▸ **Problem requirements**: A word-for-word reproduction of the data below is needed, with no pictures in it.

▸ **Supplied material**:
■ ■ ■ ■ ■

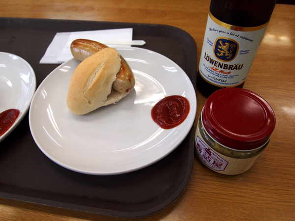 イートイン的に食べられるソーセージと、レーベンブロイっていうドイツビール!
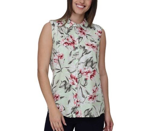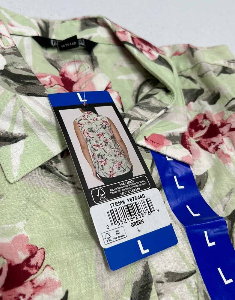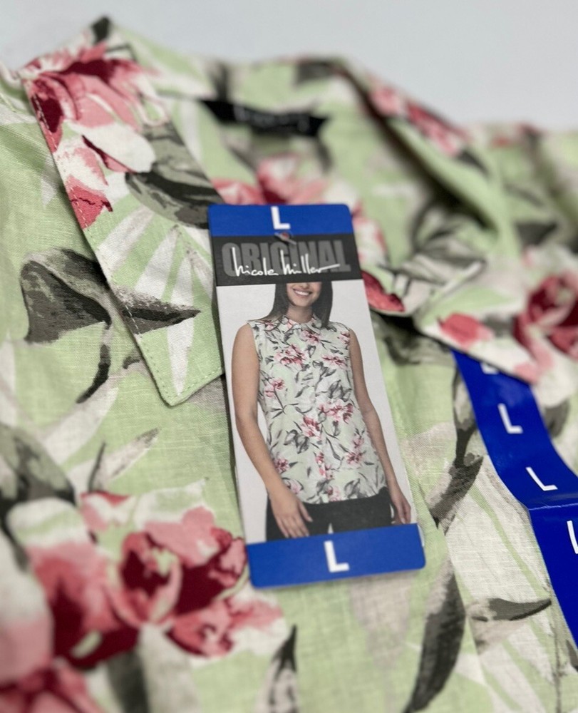 Nicole Miller Women's Linen Blend Sleeveless Top Size: Large Color: Green Content: 57% Linen 41% Viscose 2% Spandex Care Instructions: Machine wash cold with like colors Delicate cycle. Wash inside out. Do not bleach. Dry flat. Iron at low setting. Do not dry clean.
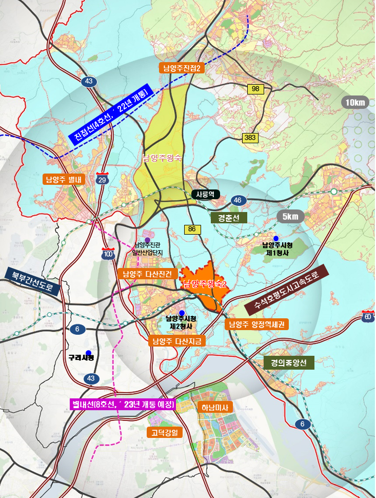 남양주 왕숙 신도시는 GTX-B와 지하철 9호선 등으로 서울 도심까지 30분대 출퇴근이 가능하며, 역세권 주변으로 주거와 일자리, 교육·의료·문화 등 도시 인프라를 융·복합하여 콤팩트하게 배치될 계획입니다.

■ ■ ■ ■ ■

▸ **Answer**:
 イートイン的に食べられるソーセージと、レーベンブロイっていうドイツビール!
 Nicole Miller Women's Linen Blend Sleeveless Top Size: Large Color: Green Content: 57% Linen 41% Viscose 2% Spandex Care Instructions: Machine wash cold with like colors Delicate cycle. Wash inside out. Do not bleach. Dry flat. Iron at low setting. Do not dry clean.
 남양주 왕숙 신도시는 GTX-B와 지하철 9호선 등으로 서울 도심까지 30분대 출퇴근이 가능하며, 역세권 주변으로 주거와 일자리, 교육·의료·문화 등 도시 인프라를 융·복합하여 콤팩트하게 배치될 계획입니다.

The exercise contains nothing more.